• **Your assignment**:
Below are the records; give again exactly the lines from the one containing "しんちゃんのおしりをモチーフとした大型のトランポリンです。 お子さまが体を使い、おもいっきり飛び跳ねて遊べます。 |" through the one containing "Modal男式纯色V领修身冰丝短袖衬衫", leaving out pictures.

• **Provided records**:
--- START ---
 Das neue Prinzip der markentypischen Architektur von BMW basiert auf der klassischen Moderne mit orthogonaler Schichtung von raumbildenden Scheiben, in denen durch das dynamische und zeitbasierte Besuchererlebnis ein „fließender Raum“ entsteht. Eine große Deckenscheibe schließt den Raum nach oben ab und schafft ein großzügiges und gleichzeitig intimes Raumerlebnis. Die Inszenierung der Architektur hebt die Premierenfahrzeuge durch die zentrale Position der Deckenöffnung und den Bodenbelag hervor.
--- END ---
--- START ---
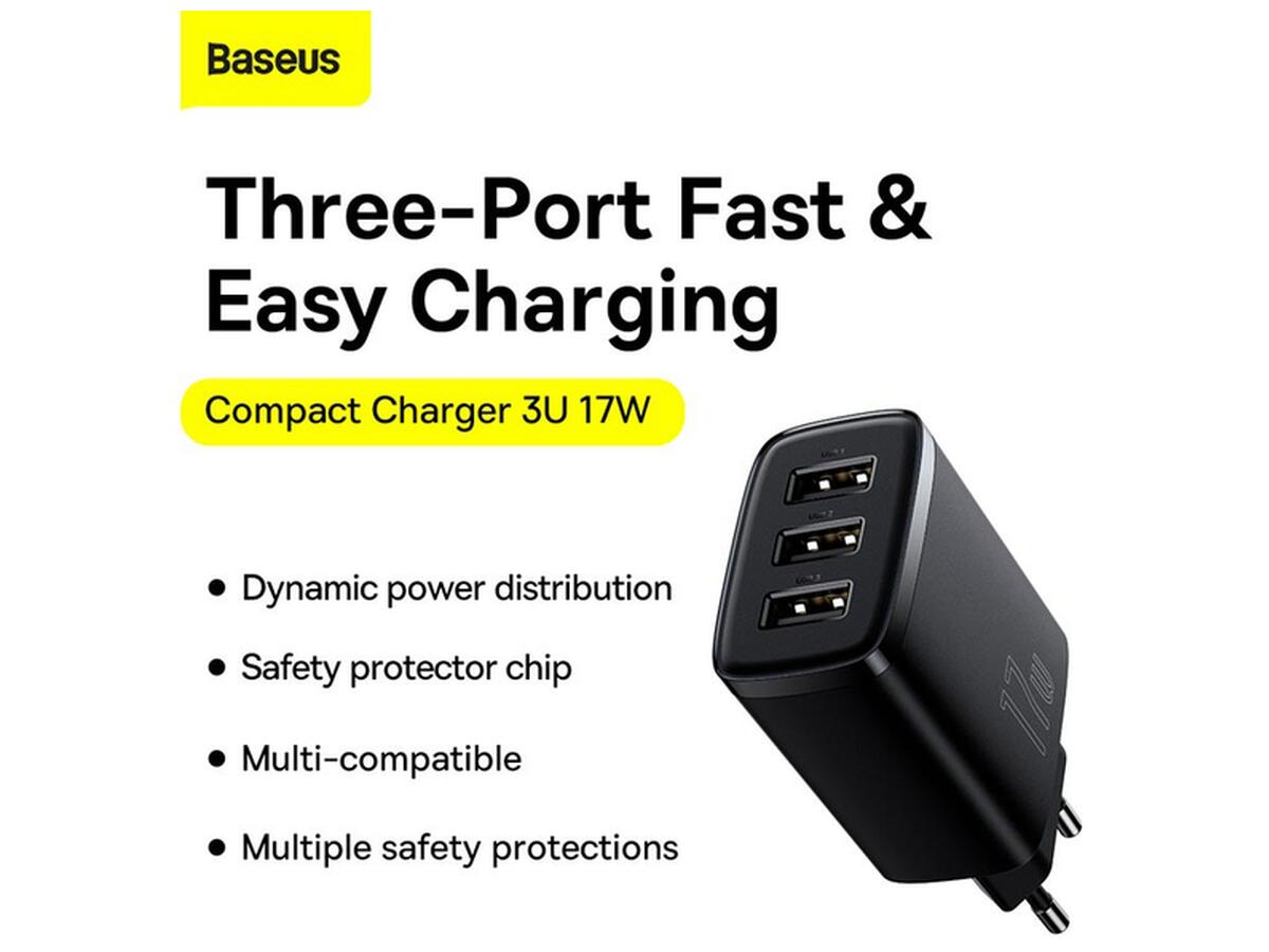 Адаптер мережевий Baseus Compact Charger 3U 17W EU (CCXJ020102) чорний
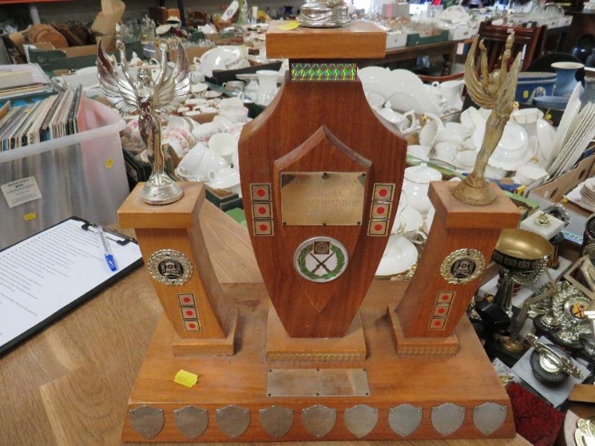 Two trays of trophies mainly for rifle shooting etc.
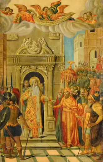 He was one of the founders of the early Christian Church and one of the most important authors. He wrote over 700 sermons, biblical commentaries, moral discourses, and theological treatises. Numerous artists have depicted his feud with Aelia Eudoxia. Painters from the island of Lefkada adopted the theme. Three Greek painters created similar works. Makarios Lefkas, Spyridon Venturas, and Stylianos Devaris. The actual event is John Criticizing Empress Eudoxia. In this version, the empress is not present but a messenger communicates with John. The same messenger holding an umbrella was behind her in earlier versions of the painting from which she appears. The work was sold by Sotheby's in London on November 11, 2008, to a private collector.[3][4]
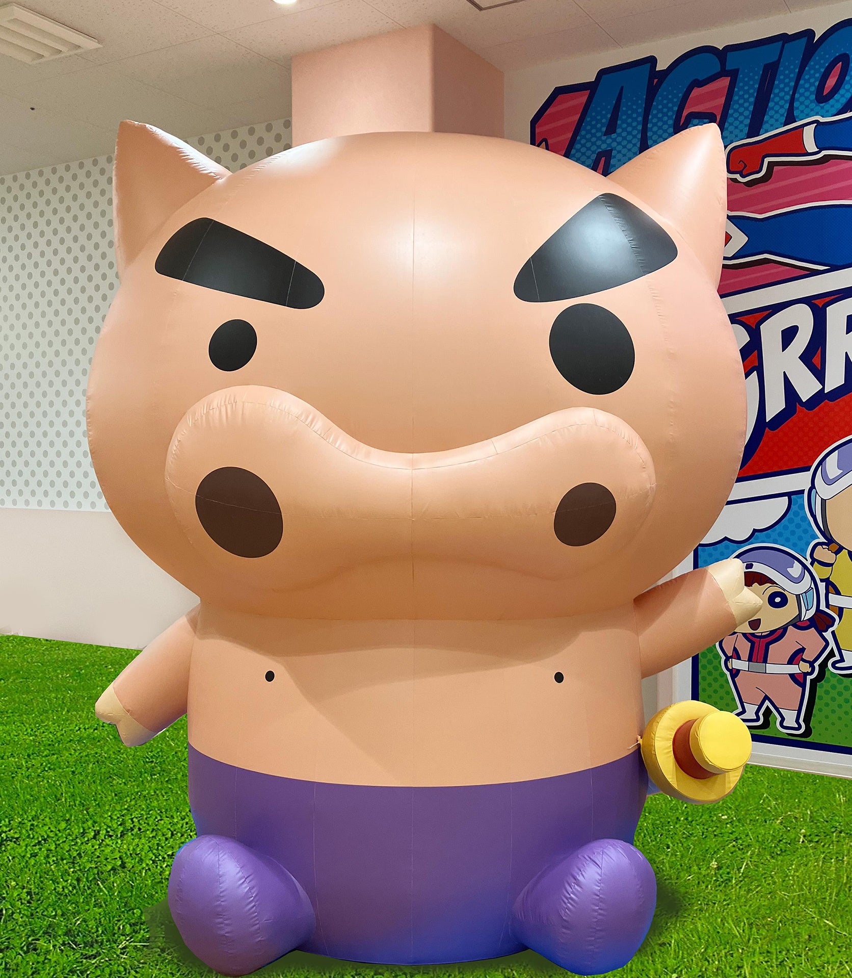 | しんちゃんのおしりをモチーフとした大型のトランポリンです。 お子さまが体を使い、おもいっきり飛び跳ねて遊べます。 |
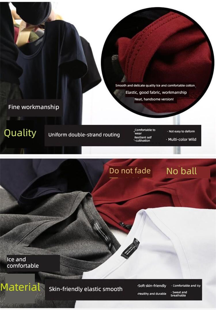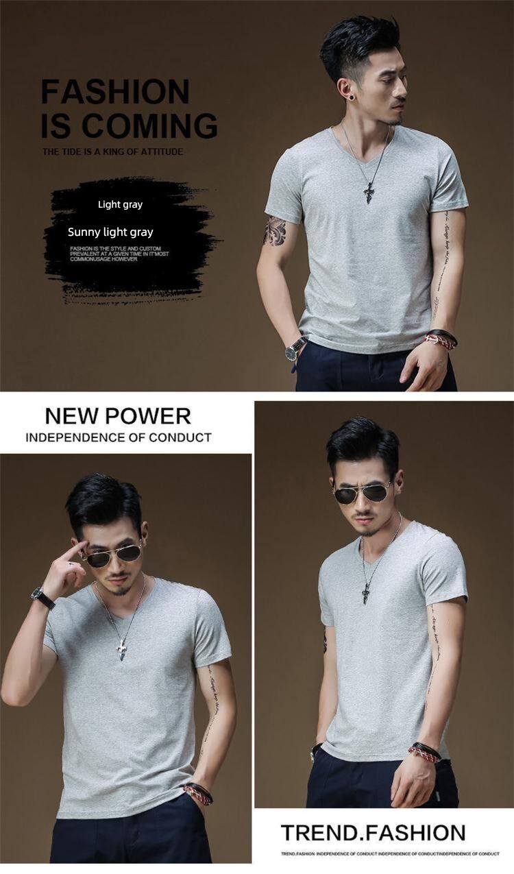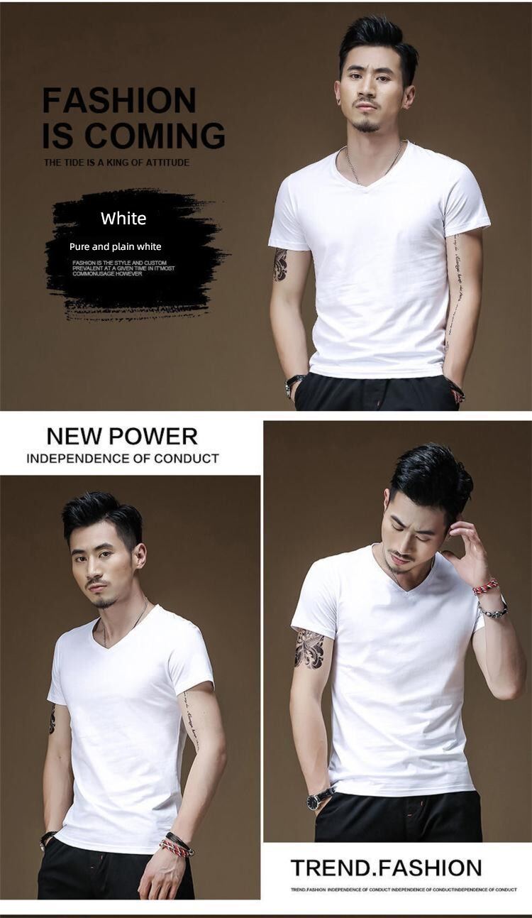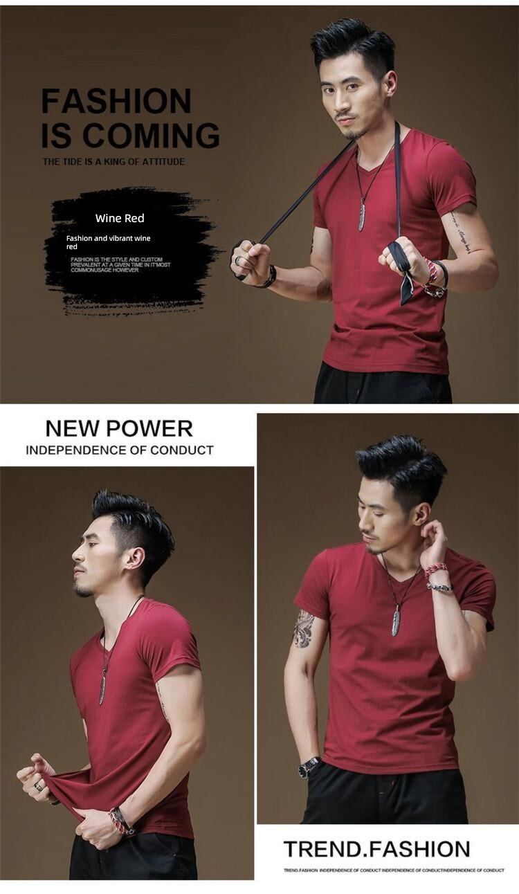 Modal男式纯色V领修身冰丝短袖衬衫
--- END ---
• **Solution to the problem**:
 | しんちゃんのおしりをモチーフとした大型のトランポリンです。 お子さまが体を使い、おもいっきり飛び跳ねて遊べます。 |
 Modal男式纯色V领修身冰丝短袖衬衫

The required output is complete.